Jewelry purchased by wealthy Victorians was at first made of 18K or 22K gold. The less affluent purchased jewelry made of silver or pinchbeck, an alloy combining zinc and copper. During the 1840s, the process of electroplating gold onto base metals was invented. After that, gold electroplated jewelry became popular, made with base metals like brass. In 1854, Britain legalized 9K and 15K gold, making the electroplating process even cheaper.
Victorian gold and diamond snake ring.
Queen Victoria’s engagement ring was a snake ring, a symbol of eternal love.
Even though the middle class finally had their own wealth, they did not ignore the very wealthy and their habits. Queen Victoria’s influence on society dictated everything from social etiquette and customs to fashion and jewelry. When Prince Albert gave her an engagement ring in the shape of a snake, snake jewelry became a dominant Victorian theme. To the Victorians, the snake symbolized eternal love. Flowers, birds and bows were also popular themes of the era. All had sentimental, symbolic meanings.
After Prince Albert’s death in 1861 and the onset of the Civil War in America, Victorian society followed Queen Victoria’s lead and went into a prolonged period of grieving. Black clothing and black mourning jewelry came into vogue.
Victorian gold, diamond and onyx mourning ring.
Jewelry also took on a heavier look. Most of it was made by machine of gold, gold plate, gold fill, silver or brass. Jet (black fossilized wood), tortoise shell, hair and other materials besides metals also were popular. Much of the jewelry had ancient Egyptian, Etruscan, or Renaissance motifs.
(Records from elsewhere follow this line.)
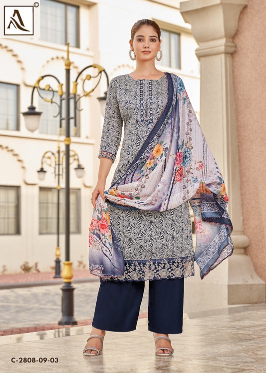 With us, you get quality, affordability, and quick delivery, making us your trusted wholesale supplier of Alok Karachi Salwar Suits worldwide.
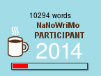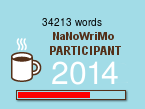 Reporting in from the depths of Nano-ing. My goal is 25K by this Saturday, the halfway mark, and I’m obviously behind, though not impossibly so. Woo-hoo!
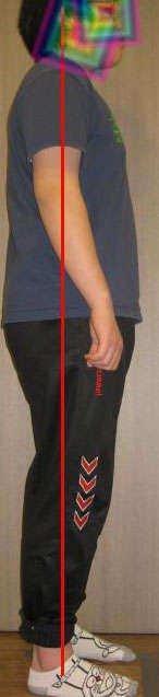 치료 전 뒷 모습에서 좌우 인체 중심 중력선(빨간선)이 매우 불안정한 모습을 보이고 있으나 추나요법 후 매우 안정된 모습으로 변했습니다.

During the late 1860s, the bountiful Kimberly diamond mines in South Africa were discovered. These mines created an ample supply of diamonds on the market. The cushion shaped old mine cut was the most popular diamond cut until the invention of the steam lathe in the 1870s. After that, it was possible to create more rounded diamonds. The old European cut then became the diamond cut of choice.
Queen Victoria by Julia Abercromby, 1883.
(Public domain; Wikimedia Commons)
Diamonds might have been number one, but other popular Victorian gemstones included opals (a favorite of Queen Victoria), turquoise, garnet, amethyst, coral and seed pearls. In the late Victorian era, gunmetal also became a popular jewelry metal. It was an alloy of copper, nickel and zinc with a distinctive deep grey finish. Aesthetic movement chains with lovely etched scenes of the natural world came into vogue, as well.